You can find some online workers here: https://www.onlinejobs.ph/jobseekers/jobsearch/category/offi... I've used some of the them for data entry, their price is really cheap. You can get some for as low as $2 - $5/hour, depending on what you need.


This feels very exploitative.


While I don't entirely disagree I have friends who work for < $5/hr (Eastern Europe) who would love to have the option to do this instead.

I also have friends who work for only slightly more on Upwork projects who would hate it if those jobs disappear under the premise that 'they are getting exploited'.


Is all your clothing made solely in US?

Bangladesh minimum wage for garment workers (1000+ of whom died when a poorly maintained building collapsed) is 95 dollars per month.


Good point, better to keep exploiting than be a hypocrite!


You are not exploiting the person making the garments, you are exploiting the fact that the cost of living in Bangladesh is far below the cost of living in a Western nation.

The fact that the standard of living in Bangladesh is also lower does not mean that you are exploiting the worker.
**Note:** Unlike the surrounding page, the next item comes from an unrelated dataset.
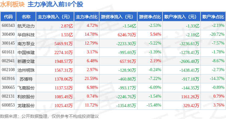 从资金流向上来看,当日水利板块主力资金净流入1.42亿元,游资资金净流出8995.04万元,散户资金净流出5188.01万元。水利板块个股资金流向见下表:

In fact, in many cases (especially employing them directly online as the GP is suggesting) you are helping to improve their standard of living.


Does this make it not exploitative?


And that makes this less exploitative, how, exactly?

Whataboutism is not useful.


Maybe they are just trying to provoke some thought. They did not make any grand claims regarding levels of exploitation... Not sure why there is always someone trying to get ahead of drama and signal how woke they are despite there being no drama at all.


I'm not going to say this isn't exploitative to some degree, but I will say that this is similar to sweatshop conditions: potentially an improvement over what they were previously doing. It's hard to jump from sustenance farming to a large income.


I highly recommend you take a trip to the Philippines. Go out to some of the villages. There are young children starving. That $2-$5 is huge for them. College graduates work in department stores because there are not enough jobs.


Tim Ferris has an entire chapter on this in The Four Hour Work Week.


It's very possible this is where I've gotten the idea from and simply forgotten - thanks.